The movement meant nothing—was not threatening, did not contain power or magic or technology that could harm—just a hand brushing through the air as if shooing something away, and for a moment, Ashita who still stood with her sword in hand, Tegar who still sat on the ground with his back against the stone, and Nirma who still stood with a letter at her waist and a box in her pocket, all thought that perhaps it was merely a gesture, merely a habit, merely a reflex with no meaning beyond moving a hand that had remained still for too long.

But then the air around them changed, changed in a way that could not be explained by words that only understood surfaces, changed in a way that made Nirma feel something crawling from the tips of her hair to the ends of her toes, something like the realization that all this time she had been standing in the middle of something she had never seen—that throughout this conversation, that since the battle with the five-headed Abnormal ended, that perhaps since the very first moment she opened that letter and light filled the horizon, something had been surrounding them, something silent and waiting and unmoving because it did not need to move.

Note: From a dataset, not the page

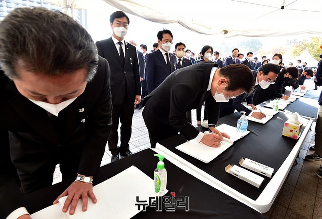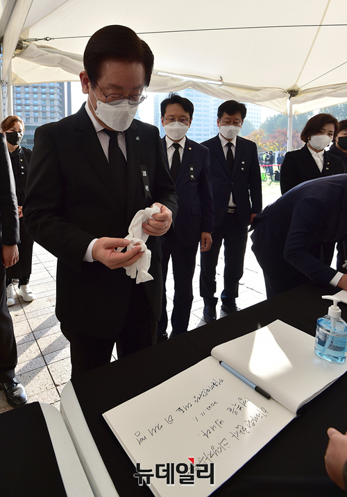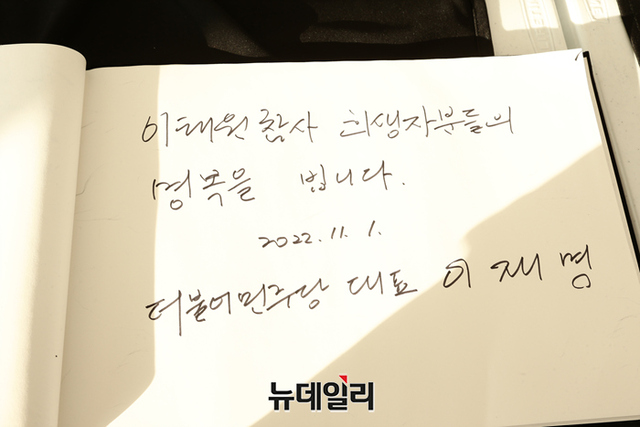 [포토] 서울광장 합동분향소 방명록 작성하는 이재명 대표

And when Arya's hand movement ended, when his left palm stopped in the air as if holding something unseen, the veil that had long covered the reality around Heraclea Cybistra was lifted—lifted like a curtain drawn from a stage that had waited too long to be revealed, lifted like an illusion never meant to last forever.

And what was revealed behind that veil made Nirma's breath catch in her throat, made the heart that had been beating in a rhythm she controlled with unwavering discipline suddenly forget how to function, made her single eye—her left eye, the window through which she had seen everything she hated, everything she fought for—open wide with something she had never expected to witness in this place, at this time, after everything she had been through.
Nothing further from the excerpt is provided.